Task:
Starting with the line with "腹掛けをよさこい風に着やすく" in the entries below and going on through the line with "Two bags of", output every line exactly and nothing more. No pictures.

Supplied data:

● ● ● ● ● ● ●

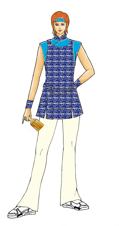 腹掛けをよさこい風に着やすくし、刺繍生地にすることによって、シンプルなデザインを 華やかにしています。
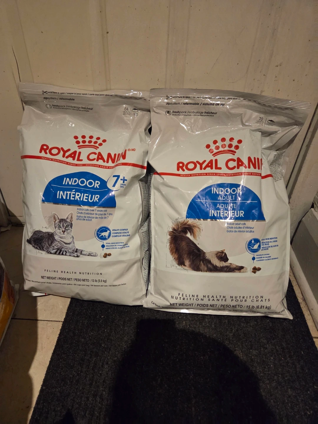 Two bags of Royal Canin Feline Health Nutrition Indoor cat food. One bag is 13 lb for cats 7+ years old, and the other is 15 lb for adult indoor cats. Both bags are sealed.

● ● ● ● ● ● ●

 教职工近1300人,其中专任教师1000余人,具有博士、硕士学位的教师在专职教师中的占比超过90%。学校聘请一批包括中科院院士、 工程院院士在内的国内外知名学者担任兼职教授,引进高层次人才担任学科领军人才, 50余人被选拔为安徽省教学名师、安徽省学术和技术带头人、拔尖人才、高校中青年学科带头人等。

● ● ● ● ● ● ●

Response to the task:
 腹掛けをよさこい風に着やすくし、刺繍生地にすることによって、シンプルなデザインを 華やかにしています。
 Two bags of Royal Canin Feline Health Nutrition Indoor cat food. One bag is 13 lb for cats 7+ years old, and the other is 15 lb for adult indoor cats. Both bags are sealed.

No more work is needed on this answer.